On this issue, US policy is selective and hypocritical. Washington pursues anti-corruption campaigns in some countries afflicted with graft, but not others. Ukraine and former Soviet republics seem to be targets of this attention, while longstanding pro-Western countries are not. For example, the US ignores Lebanon, where citizens are mounting a revolution against corruption and mismanagement; Egypt, where corruption is endemic and the regime arrests critics and opponents; and Israel, where one prime minister has been jailed for corruption and another, Binyamin Netanyahu, is facing an indictment for corruption. The US has also done nothing about Saudi Arabia where corruption has been rampant for decades. Without US prodding, Crown Prince Muhammad bin Salman launched his own anti-corruption drive, which not only procured assets for the state, but also intimidated potential opponents and won the support of young Saudis.

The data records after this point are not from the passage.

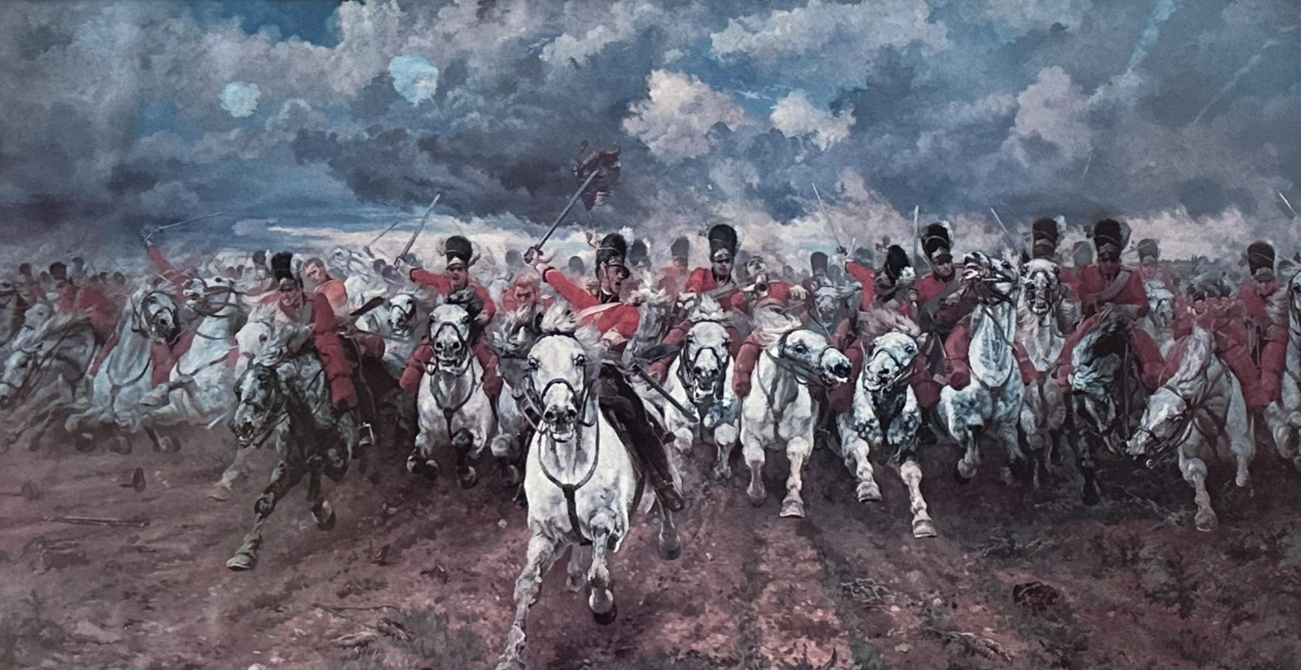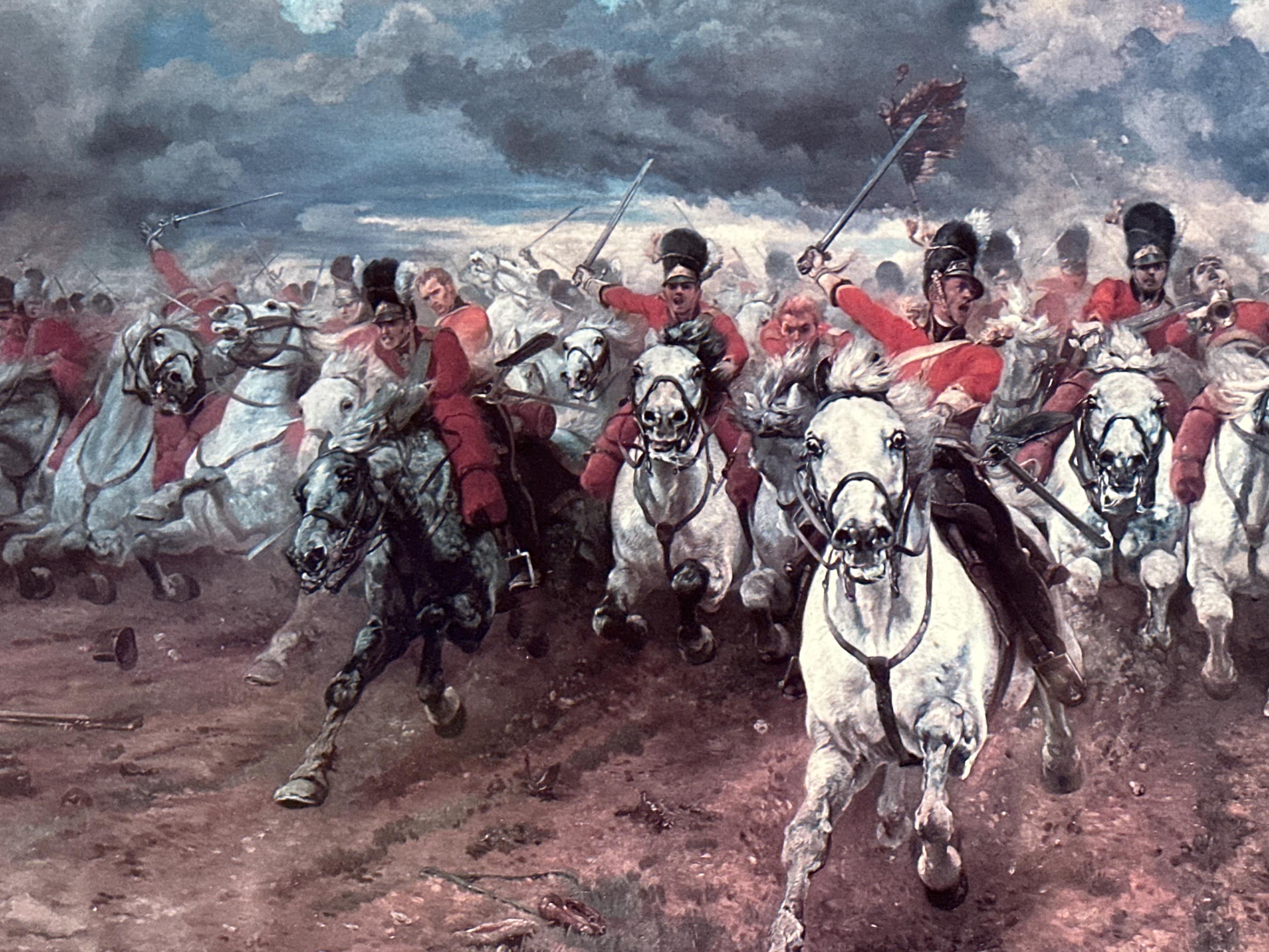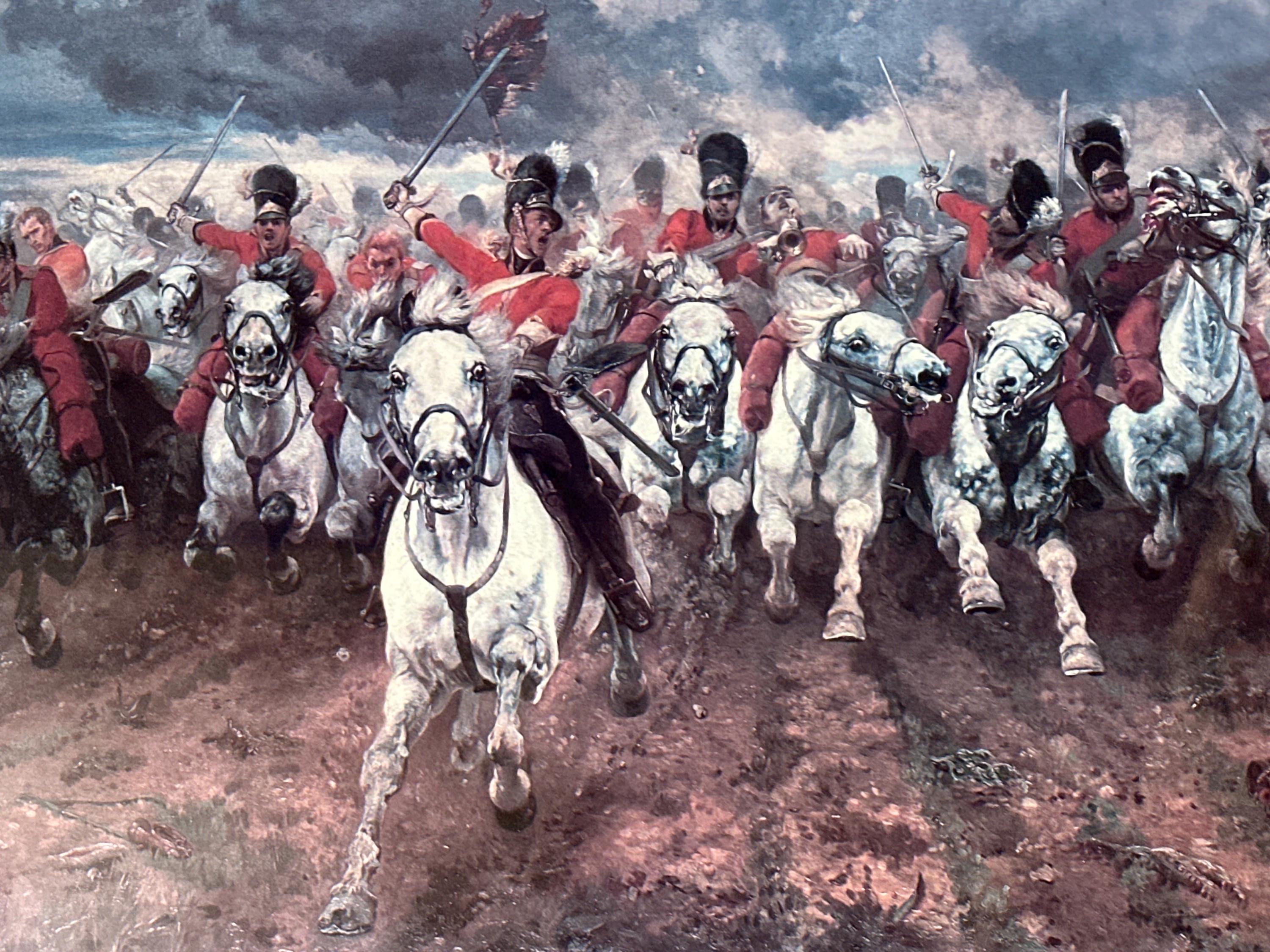 The powerful perspective—horses charging directly toward the viewer—creates a sense of immediacy and intensity, making this one of the most celebrated military images ever produced. The original oil painting is widely regarded as an iconic representation of courage and heroism in battle
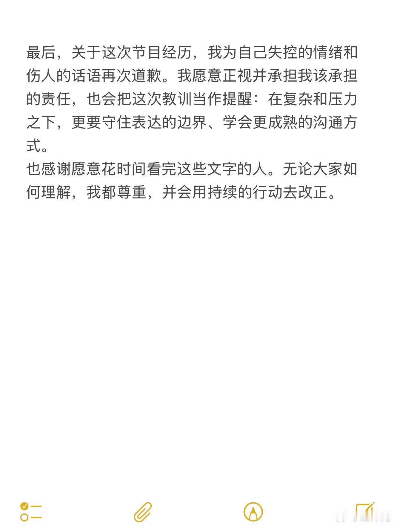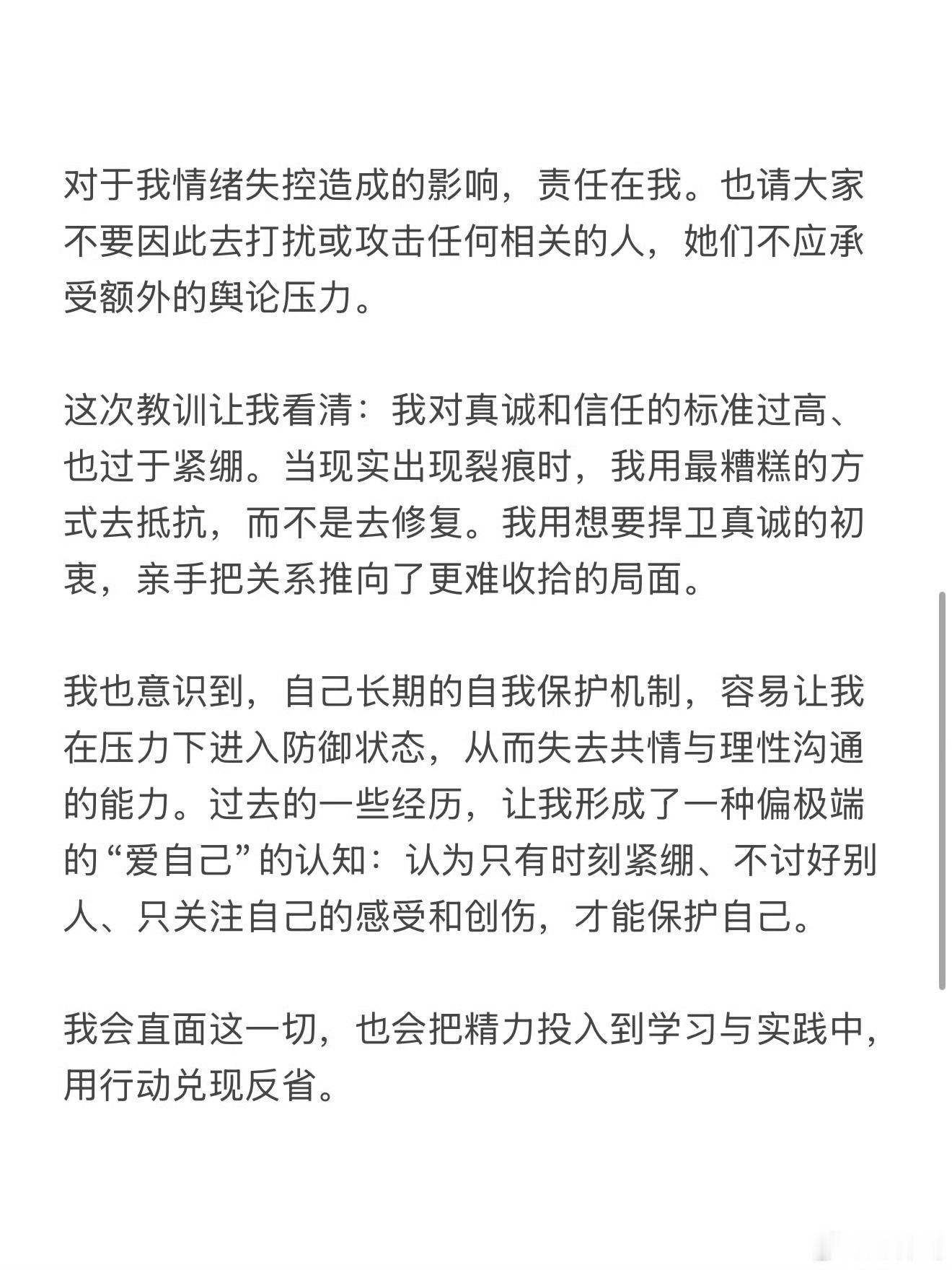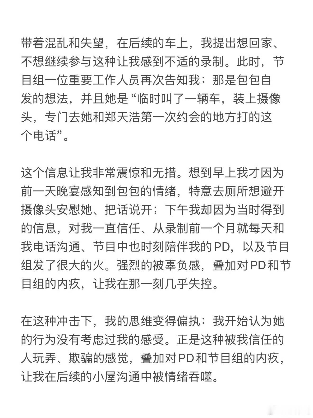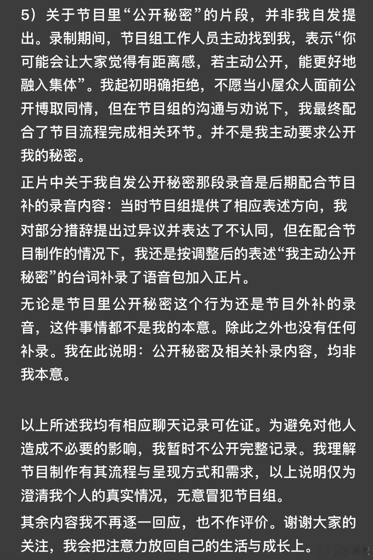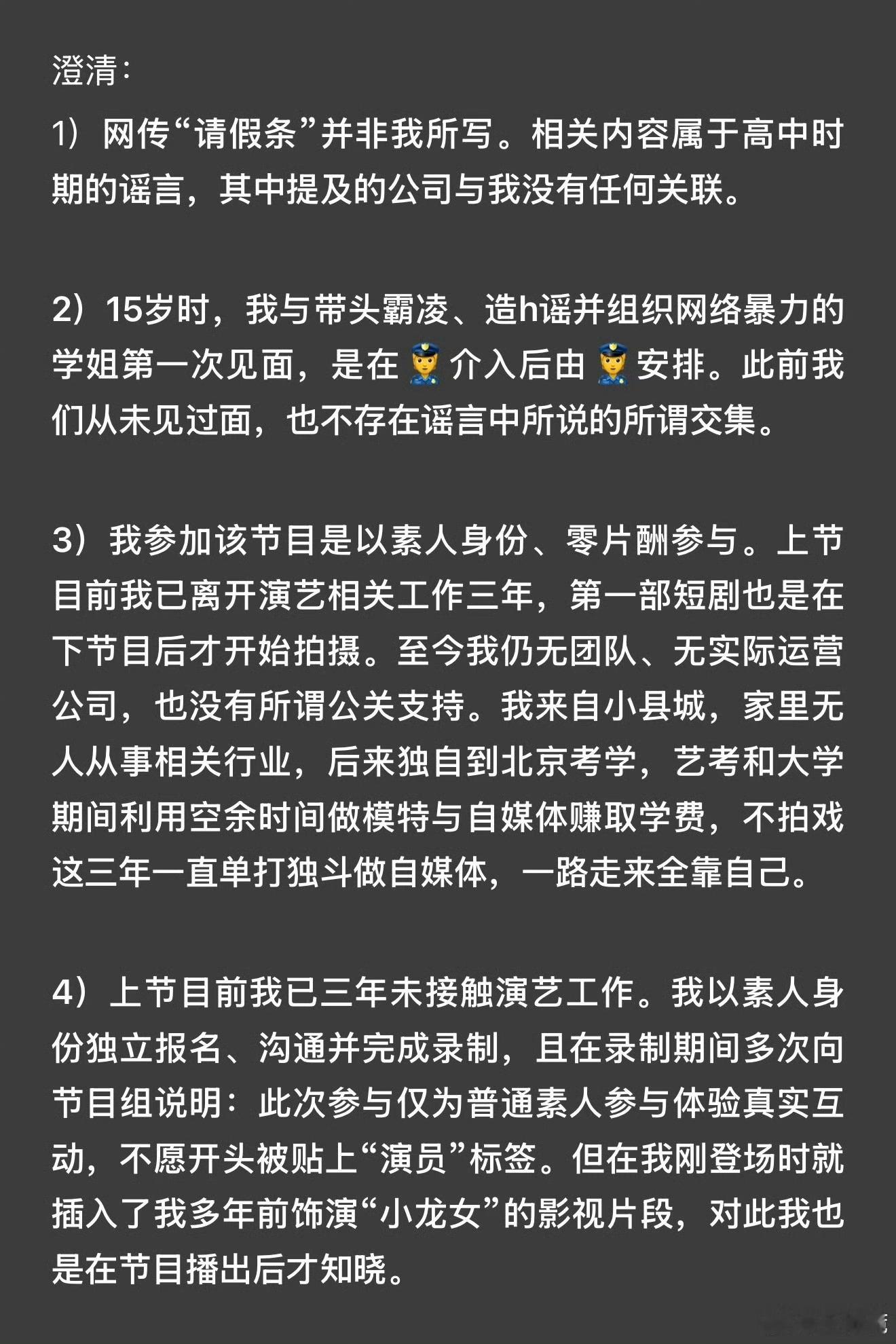 王梓莼发博 王梓莼发博回应前段时间的争议:1️⃣录制节目中因为信息差理解成节目组想要制造“三角关系”,但PD告诉王梓莼是包包的个人行为,让她感觉到背叛,才有了秘密小屋的情节。2️⃣节目后看了完整视频才得知事情原委,和宝宝私下道歉了。3️⃣没有参与过霸凌。4️⃣在录制节目前已经三年没拍戏了,录制时也跟导演组强调不想过分强调“演员”这个身份,是以“素人”身份参与录制。开头就播出的“小龙女”片段是节目组的主张。5️⃣“公开秘密”片段是节目组沟通录制的,不是王梓莼本人意愿。 王梓莼称没有霸凌任何人
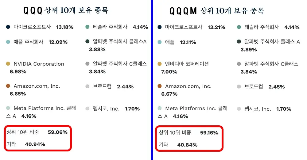 QQQ와 QQQM의 보유 종목을 비교하면, 두 ETF는 상당히 유사합니다. 두 ETF의 상위 10개 보유 종목을 보면, 다음과 같은 결과를 보입니다.
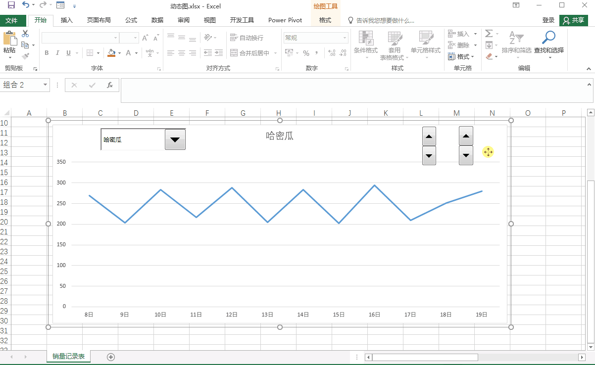 按住Ctrl键选择所有控件和折线图→鼠标右键单击→组合→确定→调整控件和折线图的位置,使其美观。
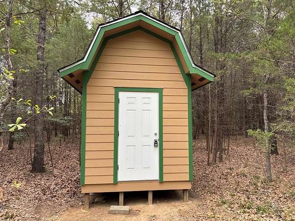 Tucked away on two tree-filled acres just minutes from Purtis Creek State Park, this charming one-bedroom tiny home offers the perfect blend of simplicity, privacy, and potential. Surrounded by nature, the property provides a peaceful, quiet setting—ideal for those seeking a relaxing getaway or envisioning the start of a future country homestead. In addition to the cozy home, the property includes a spacious 20x30 metal building, two storage sheds, and a metal shipping container, offering ample room for tools, equipment, or hobby space. The abundance of trees enhances the sense of seclusion while creating a serene backdrop for outdoor living. While the home does not currently have plumbing, it is equipped with a commercial composting toilet housed in its own separate structure, providing a practical off-grid solution.
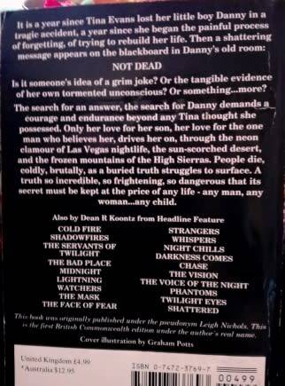 Only there is a message for Tina, scrawled on the chalkboard in Danny’s room: NOT DEAD. Two words that send her on a terrifying journey from the bright lights of Las Vegas to the cold shadows of the High Sierras, where she uncovers a terrible secret…
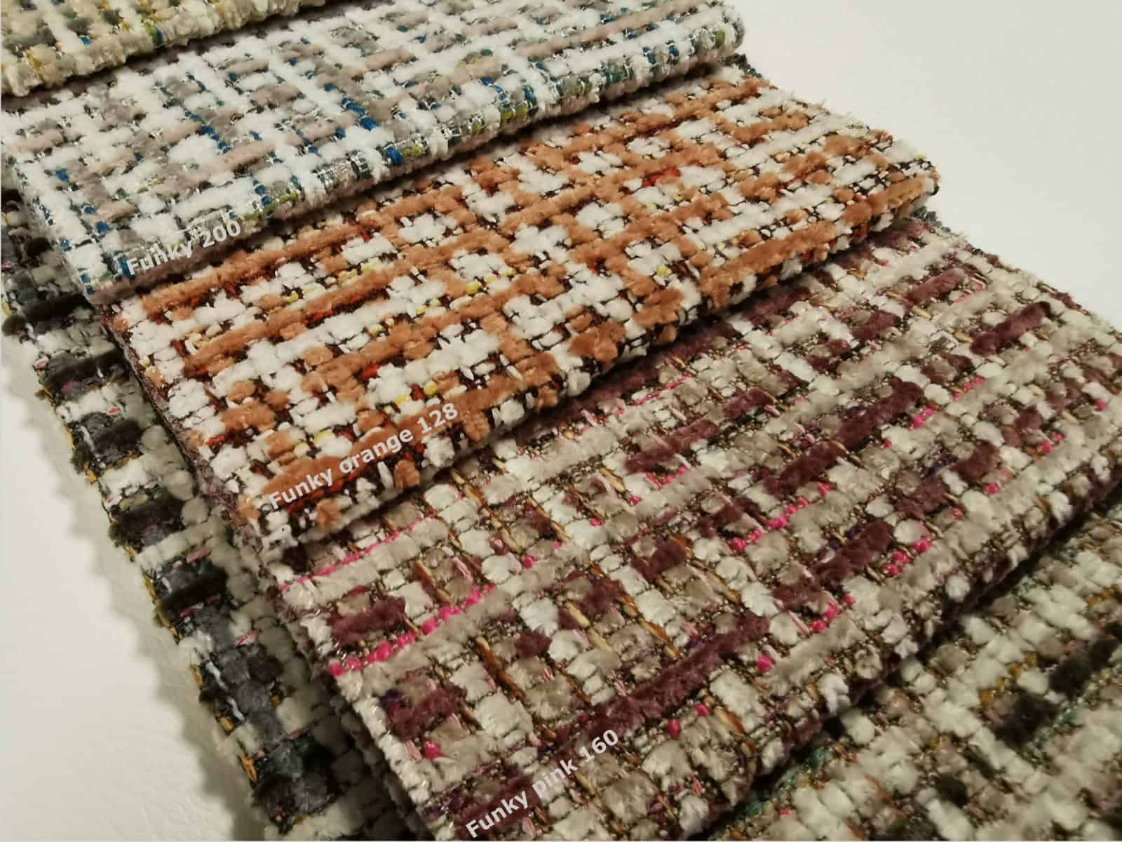 Funky - to kolekcja szenilowych tkanin o wyrazistym charakterze. Energetyczne połączenia kilku kolorów tworzą nowoczesny, nieco retro wzór w kratkę, który ożywi każdy mebel. miękka struktura i bogata paleta barw sprawiają, że Funky to propozycja dla osób ceniących styl, wygodę i odrobinę artystycznego szaleństwa.
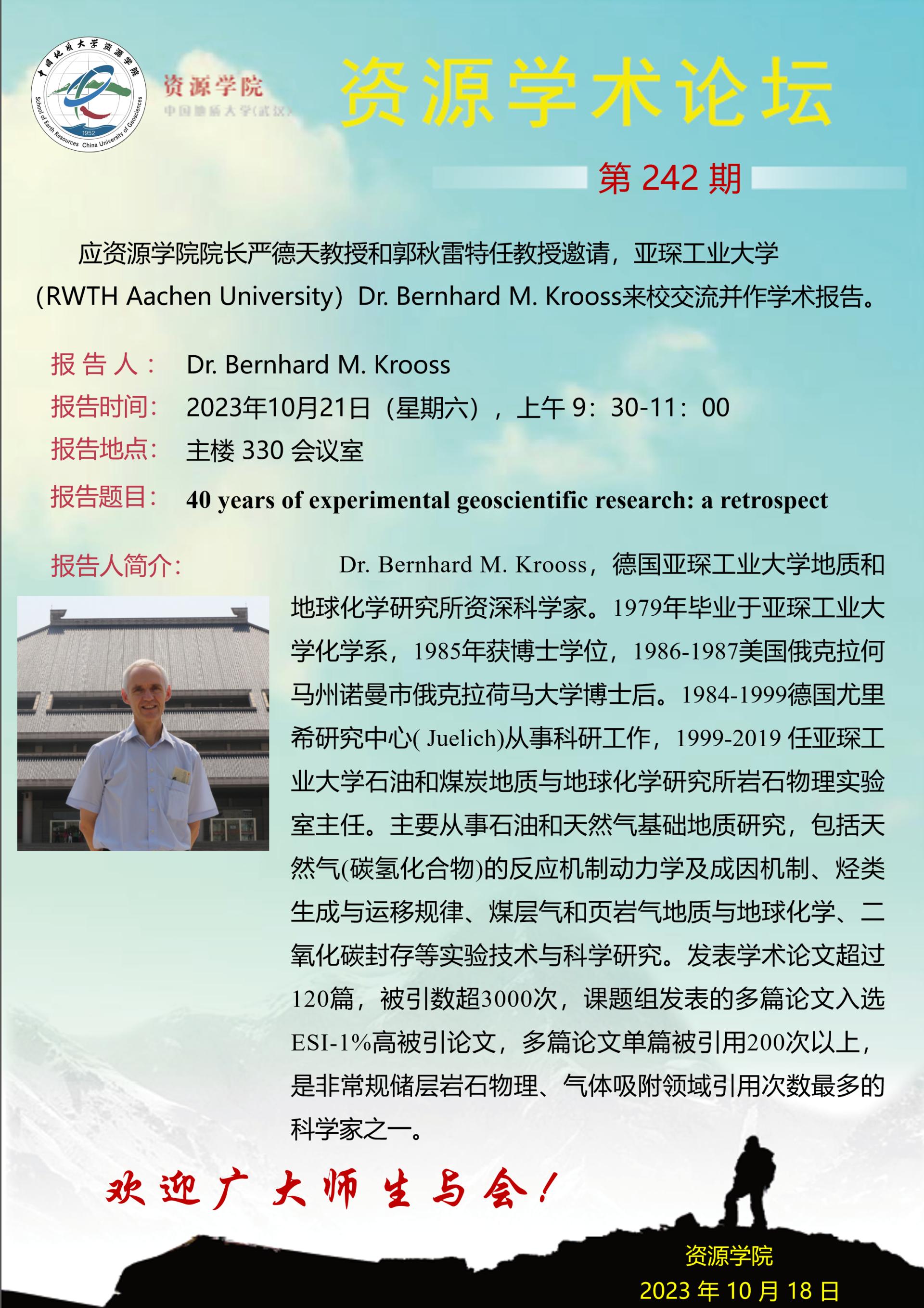 【10月21日】第242期资源学术论坛:Dr.Bernhard M.Krooss学术报告

Washington’s policy is particularly hypocritical because the US itself is a highly corrupt country. Its elections are bought by billionaires and powerful groups such as the gun, Israel and pharmaceutical lobbies. Legislators and presidents refuse to deal with this because they benefit from it. Consequently, the US cannot rely on moral authority to press other countries to counter corruption. Its policy amounts to flagrant intervention in the domestic affairs of certain but not all countries where corruption is a problem. It would be a good idea for the US to exert its efforts to clean up its own act before interfering in other countries’ affairs.